Chinese electric vehicle giant BYD is confronting a deepening crisis as its first-quarter net profit plunged 55.4% to 4.1 billion yuan ($600 million), while the European Parliament began scrutinizing allegations of forced labor at its flagship factory in Hungary.
"Managers 'wanted to begin production of cars in January [2026], so they were rushing the project's timeline — they weren't letting workers leave,'" Li Qiang, founder of the New York-based watchdog China Labor Watch, said in translated remarks to CNBC.
The profit collapse follows a sharp 11.8% year-over-year revenue decline to 150.2 billion yuan and a 26% drop in cumulative vehicle sales in the first four months of 2026. The grim financials are compounded by a China Labor Watch report alleging contractors at BYD's Szeged, Hungary site forced thousands to work over 12 hours a day, seven days a week.
The twin crises of a domestic sales slump and serious overseas labor allegations threaten BYD's target of selling 1.5 million cars abroad in 2026. With EU tariffs already in place since 2024, the forced labor claims provide a powerful new weapon for European regulators and rival automakers, potentially derailing BYD's most critical growth strategy.
The automaker, which surpassed Tesla as the world's largest EV manufacturer in 2025, is grappling with fierce domestic price competition from rivals like Geely and Leapmotor and the scaling back of government subsidies. Its overall sales have declined for seven straight months through March, with April's sales of 321,123 units marking a 15.5% drop from the prior year, according to a company filing.
As its domestic market falters, BYD's pivot to international markets is hitting a significant political roadblock. A report published April 14 by China Labor Watch (CLW) detailed systemic labor abuses at the Szeged, Hungary factory, a cornerstone of BYD's European strategy. The report, based on interviews with 50 workers, alleges that contractors kept employees working 12+ hour shifts, seven days a week, in violation of Hungary's labor code.
The allegations have been formally raised by three members of the European Parliament to the European Commission, marking the first time a Chinese-owned auto business in the EU has faced such scrutiny. The situation is exacerbated by reports of worker deaths on site, with Hungary's National Ambulance Service confirming it was called to the factory 12 times since February 1, with one resulting in a death.
The controversy is amplified by the involvement of contractor AIM Construction Hungary, a subsidiary of Jinjiang Construction Group. The same parent company was linked by Brazilian labor authorities to conditions "analogous to slavery" at a BYD factory site in Brazil in 2024, a scandal that led to BYD being briefly added to a government blacklist.

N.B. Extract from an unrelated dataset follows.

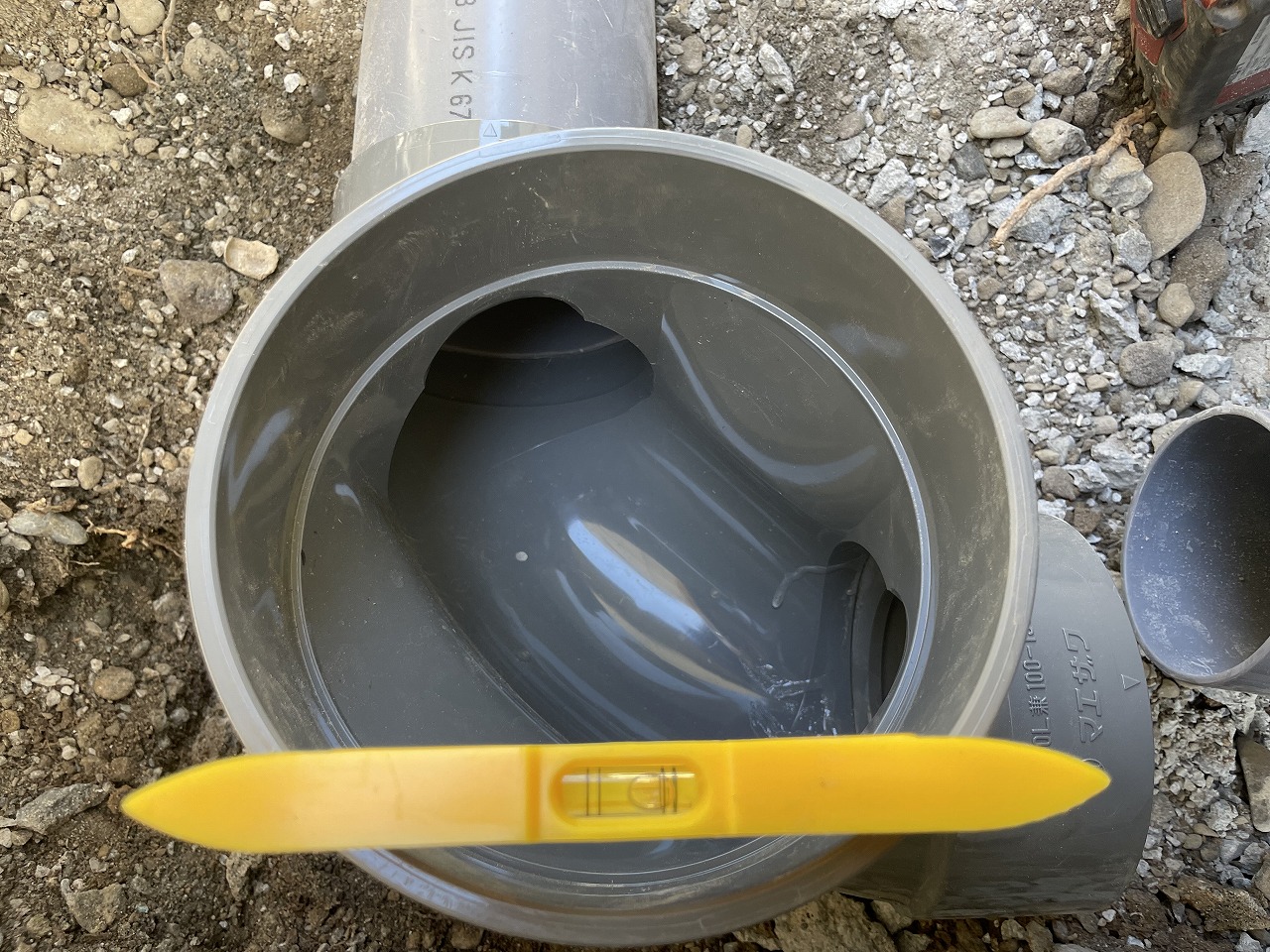 建屋内の排水管の勾配も同じく1/100を確認して接続します。

Despite the headwinds, BYD is aggressively pushing overseas, with exports of 135,098 vehicles in April rising 12.5% from the previous month. Vincent Sun, an analyst at Morningstar, projected BYD’s exports would rise 25% to 30% this year. However, the political and reputational fallout from the labor allegations could jeopardize this growth, particularly in the brand-conscious European market where BYD's registrations had more than doubled in the first two months of the year.
This article is for informational purposes only and does not constitute investment advice.